:: TASK BRIEF ::
Each line of the listing must be transcribed exactly, except for the images, which should be excluded.

:: DATA SEGMENT ::

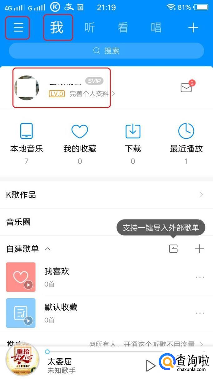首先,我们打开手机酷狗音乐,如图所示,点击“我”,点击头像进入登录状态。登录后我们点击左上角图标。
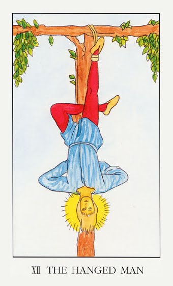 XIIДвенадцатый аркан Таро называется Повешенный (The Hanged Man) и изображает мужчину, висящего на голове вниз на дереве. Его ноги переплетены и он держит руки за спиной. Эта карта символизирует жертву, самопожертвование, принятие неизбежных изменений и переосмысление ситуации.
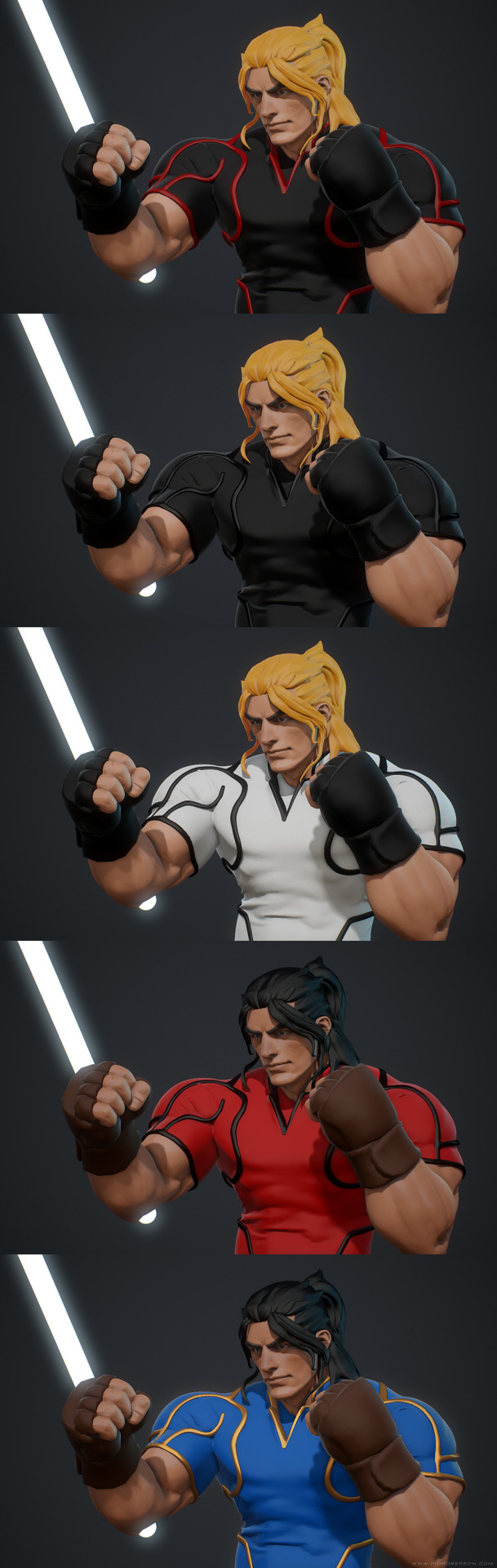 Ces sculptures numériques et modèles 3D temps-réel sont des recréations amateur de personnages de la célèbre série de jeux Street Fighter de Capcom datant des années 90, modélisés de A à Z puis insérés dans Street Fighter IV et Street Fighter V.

:: FINISHED EXERCISE ::
首先,我们打开手机酷狗音乐,如图所示,点击“我”,点击头像进入登录状态。登录后我们点击左上角图标。
 XIIДвенадцатый аркан Таро называется Повешенный (The Hanged Man) и изображает мужчину, висящего на голове вниз на дереве. Его ноги переплетены и он держит руки за спиной. Эта карта символизирует жертву, самопожертвование, принятие неизбежных изменений и переосмысление ситуации.
 Ces sculptures numériques et modèles 3D temps-réel sont des recréations amateur de personnages de la célèbre série de jeux Street Fighter de Capcom datant des années 90, modélisés de A à Z puis insérés dans Street Fighter IV et Street Fighter V.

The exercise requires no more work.